L’attrice, premiata con l’Oscar per Everything Everywhere All At Once, riceverà l’Orso d’Oro nel corso della cerimonia inaugurale della 76ª Berlinale il 12 febbraio 2026. La direttrice del festival, Tricia Tuttle, ha accompagnato l’annuncio con parole che restituiscono la portata internazionale della figura di Yeoh: «Michelle Yeoh è un’artista e interprete visionaria il cui lavoro supera i confini ‒ siano essi geografici, linguistici o cinematografici. La sua presenza autorevole, le sue scelte artistiche coraggiose e lo stile inconfondibile hanno lasciato un’impressione duratura su generazioni di cineasti e spettatori alla Berlinale e in tutto il mondo».
Il percorso che l’ha condotta fino a questo riconoscimento prende forma negli anni Ottanta e nei primi Novanta, quando si impone come icona del cinema d’azione asiatico grazie a titoli come Yes, Madam, Royal Warriors, Police Story III e Wing Chun. La sua abilità nelle scene di combattimento, unita a una presenza scenica immediatamente riconoscibile, la porta a distinguersi in un panorama competitivo, caratterizzato da produzioni che allora contribuivano a rinnovare il genere a livello globale. La svolta internazionale avviene nel 1997, quando interpreta l’agente segreto Wai Lin al fianco di James Bond in Tomorrow Never Dies: un ruolo che ne definisce la statura globale e l’apertura verso produzioni occidentali di grande pubblico.

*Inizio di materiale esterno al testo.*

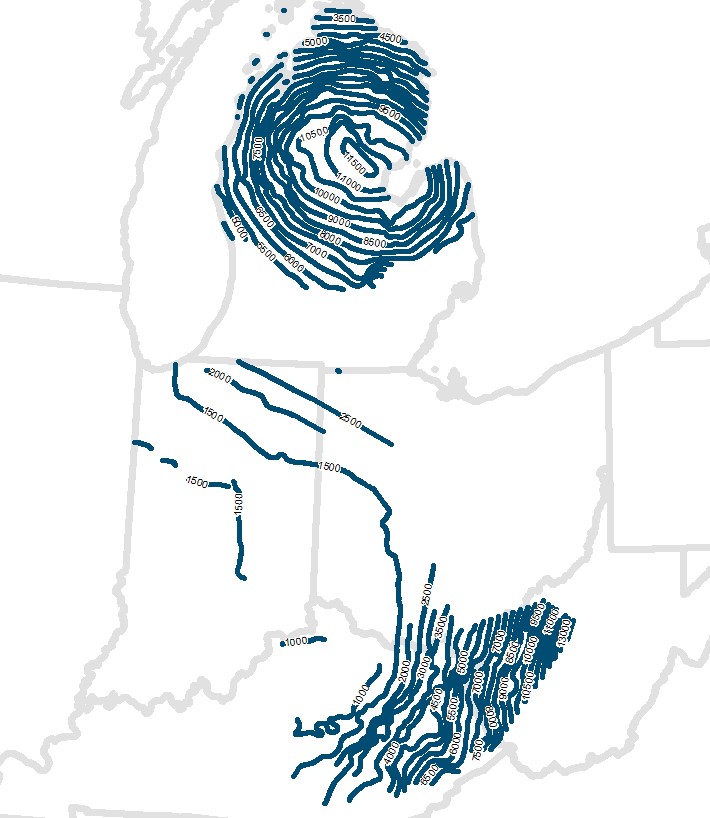 Description: <DIV STYLE="text-align:Left;"><DIV><DIV><P><SPAN>This is a measured depth contour map constructed upon the top of the St. Peter.</SPAN></P><P><SPAN>The contours were created from the related thickness grid of the overlying strata or by hand contouring using the measured depth point values. Unit of measurement is in feet.</SPAN></P><P><SPAN>Author/Originator: Battelle Memorial Institute</SPAN></P><P><SPAN>Date Created: 2021</SPAN></P></DIV></DIV></DIV>
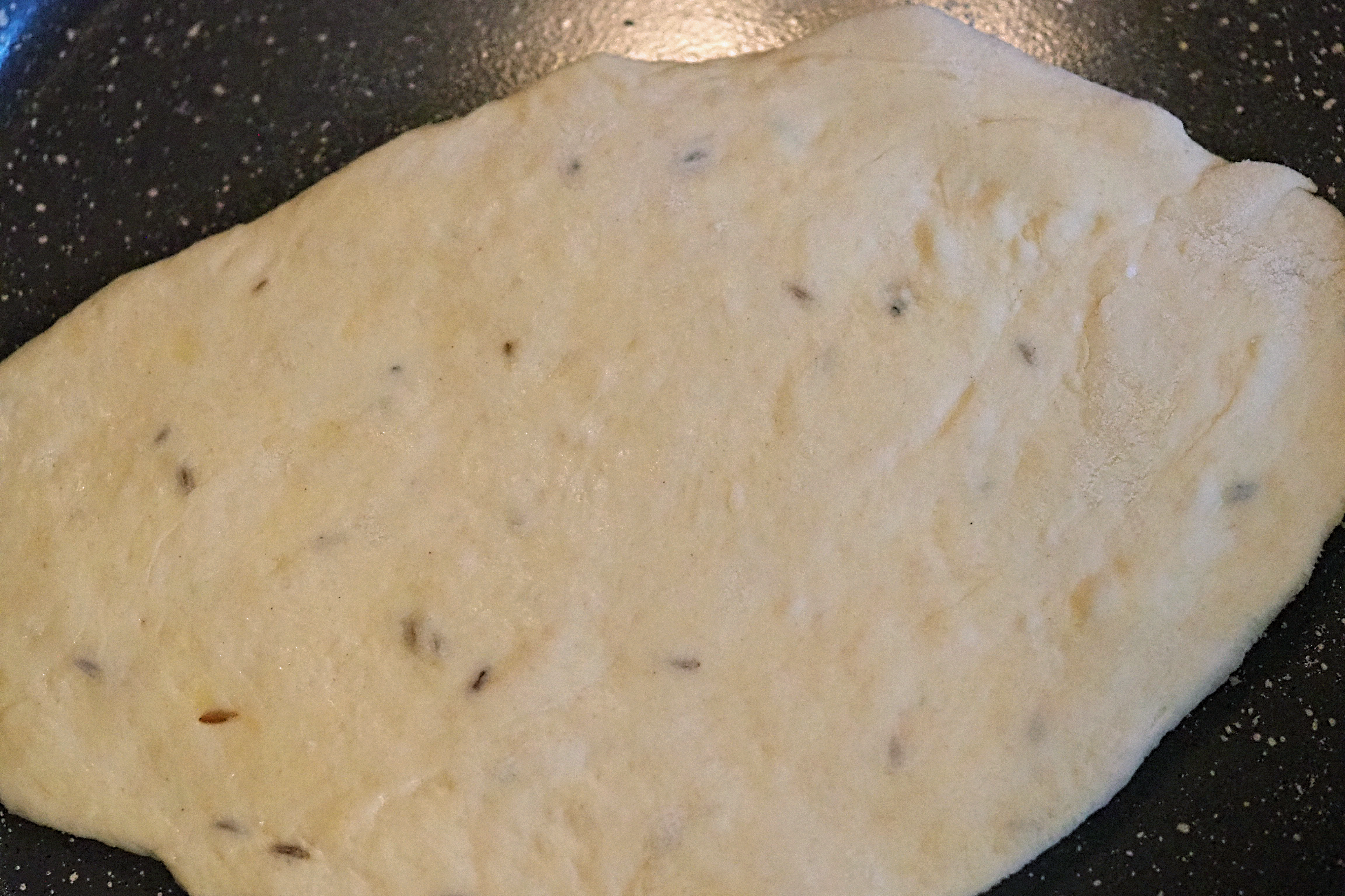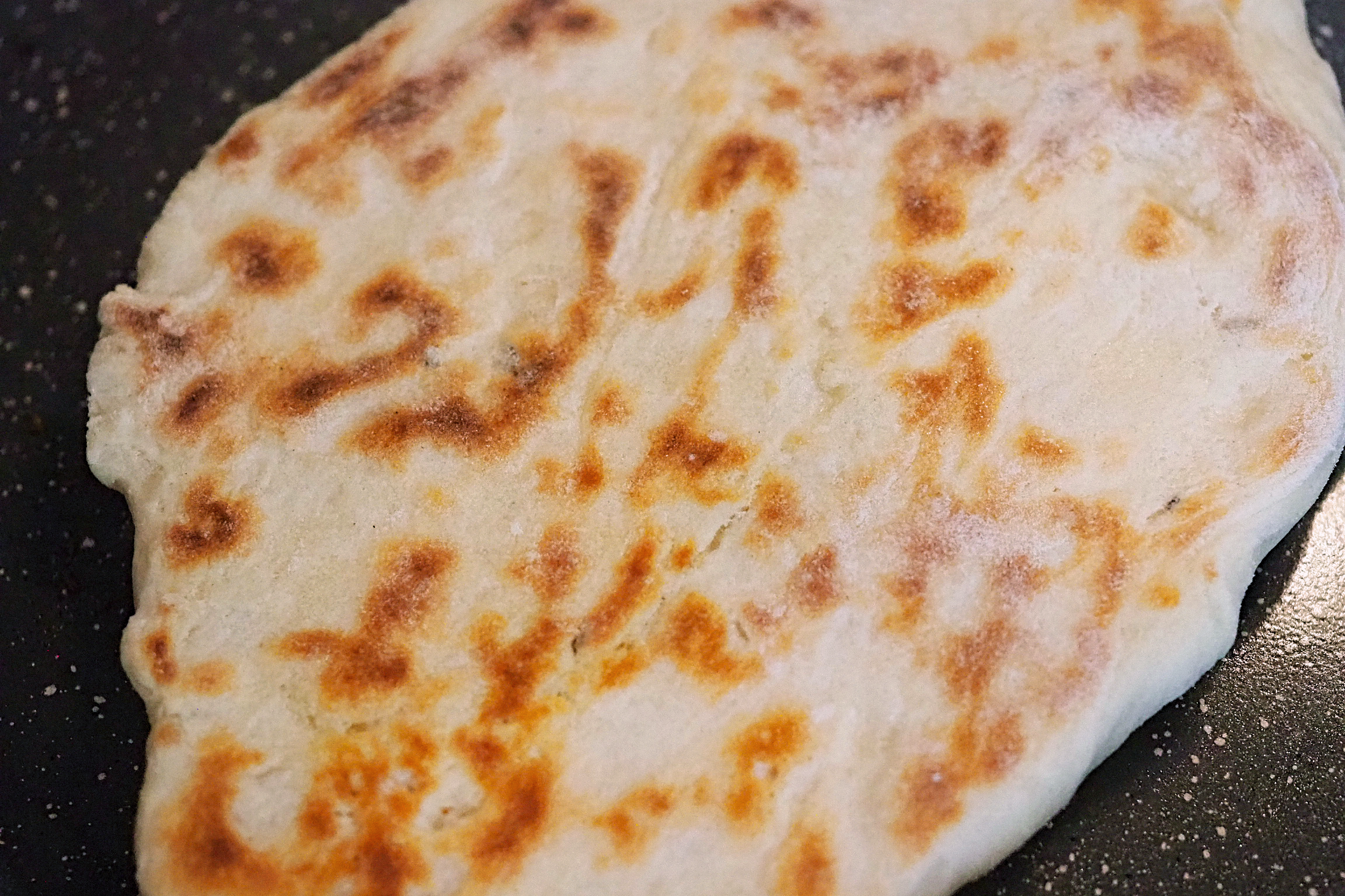 - The underside will need c.3 minutes to cook and you will notice your flatbread rise a little – once this is done, use a spatula to cleanly flip the flatbread and cook for 3 minutes on the upside

La consacrazione definitiva arriva nel 2000 con La tigre e il dragone di Ang Lee, che amplifica ulteriormente il suo profilo internazionale e la posiziona tra le interpreti più versatili del cinema mondiale. Nel 2023 ottiene il premio più significativo della sua carriera: l’Oscar come miglior attrice protagonista per Everything Everywhere All At Once, diventando la prima attrice asiatica a conquistare la statuetta in questa categoria. Un traguardo storico che rafforza il valore culturale del suo percorso. In attesa dell’appuntamento berlinese, Yeoh tornerà sul grande schermo nei prossimi giorni con Wicked: For Good di Jon M. Chu, dove interpreta Madame Morrible.
La sua relazione con il festival tedesco non è nuova: nel 1999 aveva già fatto parte della giuria internazionale. «Berlino ha sempre occupato un posto speciale nel mio cuore. È stato uno dei primi festival ad accogliere il mio lavoro con così tanto calore e generosità – ha dichiarato l’attrice – Tornare dopo tutti questi anni, con un riconoscimento del mio percorso nel cinema, è davvero significativo».